The ship rocked and began to roll slowly along the sandbar. Lavon looked tensely through the mica port. The world flowed painfully past him. The ship canted and began to climb the slope. Behind him, he could feel the electric silence of Shar, Para, and the two alternate pilots, Than and Stravol, as if their gaze were stabbing directly through his body and on out the port. The world looked different, now that he was leaving it. How had he missed all this beauty before?

The slapping of the endless belts and the squeaking and groaning of the gears and axles grew louder as the slope steepened. The ship continued to climb, lurching. Around it, squadrons of men and protos dipped and wheeled, escorting it toward the sky.

Gradually the sky lowered and pressed down toward the top of the ship.

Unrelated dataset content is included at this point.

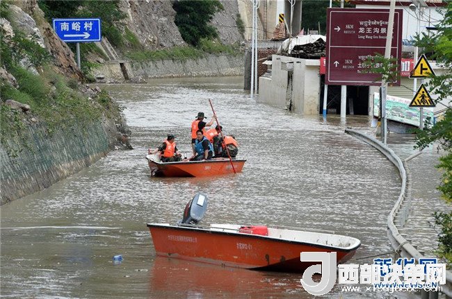 7月15日,在舟曲縣南峪鄉(xiāng),工作人員乘坐沖鋒舟開(kāi)展險(xiǎn)情處置。

“A little more work from your diatoms, Tanol,” Lavon said. “Boulder ahead.” The ship swung ponderously. “All right, slow them up again. Give us a shove from your side, Tol—no, that’s too much—there, that’s it. Back to normal; you’re still turning us! Tanol, give us one burst to line us up again. Good. All right, steady drive on all sides. It shouldn’t be long now.”

“How can you think in webs like that?” the Para wondered behind him.

“I just do, that’s all. It’s the way men think. Overseers, a little more thrust now; the grade’s getting steeper.”

The gears groaned. The ship nosed up. The sky brightened in Lavon’s face. Despite himself, he began to be frightened. His lungs seemed to burn, and in his mind he felt his long fall through nothingness toward the chill slap of the water as if he were experiencing it for the first time. His skin itched and burned. Could he go up there again? Up there into the burning void, the great gasping agony where no life should go?

The sandbar began to level out and the going became a little easier. Up here, the sky was so close that the lumbering motion of the huge ship disturbed it. Shadows of wavelets ran across the sand. Silently, the thick-barreled bands of blue-green algae drank in the light and converted it to oxygen, writhing in their slow mindless dance just under the long mica skylight which ran along the spine of the ship. In the hold, beneath the latticed corridor and cabin floors, whirring Vortae kept the ship’s water in motion, fueling themselves upon drifting organic particles.